USD/CHF turns flat on day on limited market reaction to FOMC minutes
Although the USD/CHF pair fell to a session low at 0.9637 on the knee-jerk reaction to FOMC minutes, it didn't have a difficult time erasing its losses and is now trading at 0.9665, remaining near the opening level of the day, while the US Dollar Index is at 96.08, up 0.09%.
Investors who were expecting a road map regarding the balance sheet reduction were disappointed as the minutes showed that officials were divided on when to start it. While several policymakers wanted to announce the start of the balance sheet trimming within a couple of months, others said that they saw benefits in deferring it to later this year.
- FOMC Minutes: Policymakers saw recent increase in import prices as consistent with inflation trend in medium term
Furthermore, it was unclear how concerned policymakers were about the recent slowdown in inflation.

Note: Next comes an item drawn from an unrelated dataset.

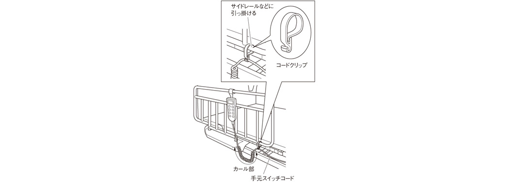 手元スイッチはベッド左右どちらにでも付け替えられます。手元スイッチのコードがゆかに着かないように、ベッドサイドレールなどに取り付けられるコードクリップが付属します。

According to the minutes, although most officials see the softness in Inflation having little impact on the inflation trend, some sounded worried as they thought that the softness could persist due to limited pass-through from resource utilization.

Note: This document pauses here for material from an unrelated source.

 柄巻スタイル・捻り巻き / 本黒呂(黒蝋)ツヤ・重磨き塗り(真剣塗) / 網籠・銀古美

- CME Group FedWatch September hike probability virtually unchanged after FOMC minutes
Regardless of the initial fluctuations, most of the major pairs struggled to move away from their pre-FOMC levels and now investors are likely to remain on the sidelines until the Nonfarm Payroll report on Friday.
Technical outlook
Recent technical levels for the pair preserve their validity. The initial hurdle aligns at 0.9675 (20-DMA) ahead of 0.9735 (Jun. 26 high) and 0.9800 (psychological level/May 30 high). On the downside, short-term supports could be found at 0.9600 (psychological level), 0.9550 (Jun. 29 low) and 0.9500 (psychological level).